COPA DEL REY
El Zamora CF, apeado de la Copa del Rey, demostró orgullo y fe ante un gran Villarreal: 1-4
Hasta el minuto 72, cuando el cuadro amarillo marcó el tercer gol, los rojiblancos creyeron en sus posibilidades

No me sorprendió, en absoluto, que el Villarreal, uno de los mejores equipos de la Liga, llamado a jugar la próxima Liga de Campeones, apease al Zamora C.F. de la Copa del Rey; pero sí me sorprendió la parcialidad de un árbitro pacato, abusón con el pequeño y condescendiente con el grande, y un línea que concedió el cuarto tanto del conjunto castellonense en flagrante fuera de juego.
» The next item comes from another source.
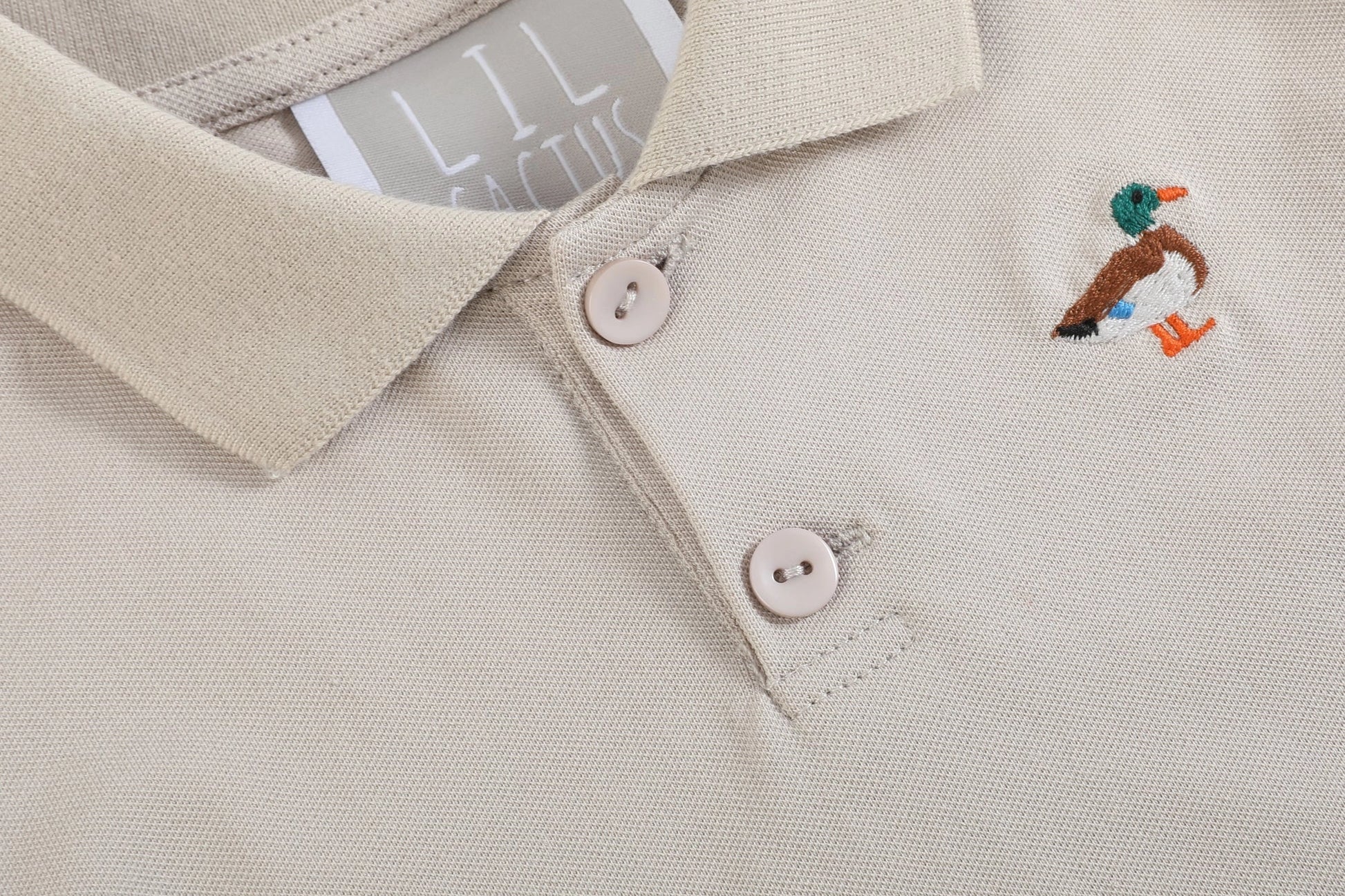 Elevate your little one's preppy style with our Light Brown Mallard Golf Polo Shirt. This collared shirt features an adorable embroidered mallard, adding a playful touch to a classic look. Perfect for any occasion, it's a comfortable and stylish choice for your little boy's wardrobe.

También me sorprendió Movilla, que planteó una defensa con tres centrales, dando entrada a Rocha, y situando a Piña -¡qué gran partido el suyo!- casi de libero, mientras que Crespo se encargó de la zona izquierda de la defensa.
El planteamiento del técnico vasco resultó extraordinario, con una defensa adelantadísima hasta casi la línea divisoria del terreno de juego, tanto bien le fueron las cosas al Zamora en esa primera media hora del partido, que Emery no supo resolver el problema que le planteó el rival. Pero cuando Bacca adelantó al Villarreal, en el minuto 30, cogiendo muy adelantada a la cobertura rojiblanca, hasta ese instante, perfecta, la eliminatoria pareció decidirse. Para colmo de males, Yeremy, otro gran futbolista, marca el segundo tanto visitante en el minuto 42. Antes un colosal Mapisa mantuvo en equilibrio el partido, con cinco intervenciones asombrosas. El conjunto castellonense demostró que tiene dos plantillas, con jugadores de una calidad técnica extraordinaria y un físico imponente.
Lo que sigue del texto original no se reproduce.